Ya no sólo hay empleados en relación de dependencia que cayeron a los deciles de pobres. Incluso muchos que tienen dos empleos no pueden sumar lo necesario para hacer frente a gastos cotidianos disparados hasta la estratósfera. Los técnicos del FMI -de quienes se podría decir que habitan una burbuja con sus altísimos salarios en dólares- parecieron tomar conciencia de semejante cuadro social durante los cónclaves mantenidos con funcionarios argentinos. La cuestión social ocupó como nunca largos párrafos en el comunicado oficial difundido este miércoles por la noche desde Washington.
«Las autoridades están consiguiendo apoyo social y político para su plan de estabilización», dijeron los técnicos del Fondo, quienes destacaron que el plan Milei-Caputo también busca «ampliar la asistencia social para proteger a los más vulnerables».

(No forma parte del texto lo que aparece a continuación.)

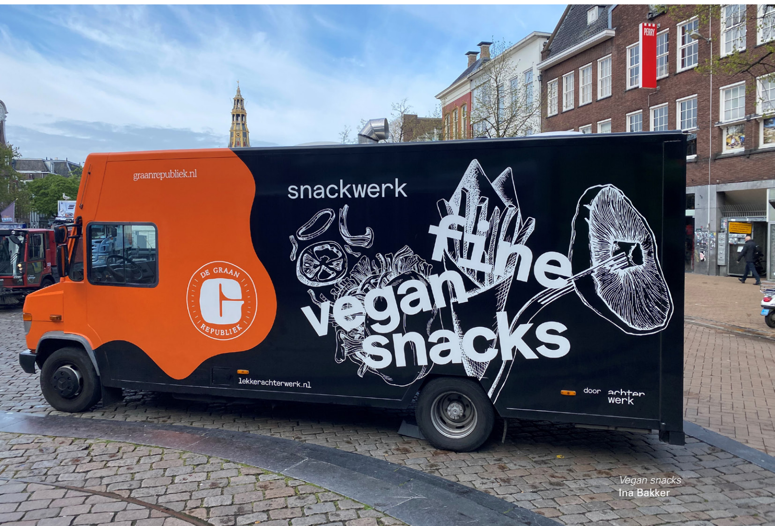
Vegan snacks Ina Bakker

https://gemeenteraad.groningen.nl/Documenten/Bijlage-Voedselagenda-2021-2023.pdf

Subrayaron también que se reforzó «significativamente la asistencia social a través de programas de subsidios por hijos y cupones de alimentos». Y hasta ponderaron la intención de acabar con la corrupción en la ayuda social, al señalar que la administración Milei «se aleja de los programas sociales distribuidos a través de costosos intermediarios». Y hay margen para más: el documento revela que hay una decisión de «preservar el valor real de las pensiones y aumentar la asistencia social según lo justifiquen las condiciones».
Hay tres sectores del peronismo que creen que este esquema de ajuste con devaluación e inflación no aguanta, y que Milei deberá barajar y dar de nuevo. En el pronóstico coincidirían Sergio Massa, Axel Kicillof y La Cámpora, una de las agrupaciones más desprestigiadas de la política argentina, que mantiene aún poder residual en el hecho de que tiene 10 intendentes alineados. Milei, pero sobre todo Mauricio Macri y Patricia Bullrich, repiten que nunca hay que subestimar la capacidad de daño y las ansias de poder de los peronistas. «Vamos a mostrar que hay un camino distinto al ajuste y la devaluación», dicen operadores cercanos a Massa y Kicillof.
Para que una opción alternativa de poder crezca o no, será clave cómo el gobierno logre manejar la delicada situación social, sobre todo en el conurbano. Cerca de Milei aseguran estar asombrados porque en lugares de La Matanza profunda, la gente que lo votó sigue dándole crédito al Presidente. Confían en que el deseo de cambio es tal que el verano será más tranquilo de lo esperado. No obstante, un cuadro donde la mitad de la gente es pobre, puede minar la paciencia de las familias postergadas.
Para colmo, en su comunicado, los enviados del FMI escribieron que el camino hacia la estabilidad «será desafiante y las condiciones empeorarán antes de mejorar». ¿Cuánto empeorarán? Lo dijo Espert: «Vienen tres meses muy complicados, vamos a tener entre 20 y 30 por ciento de inflación, hay que ver si la gente aguanta».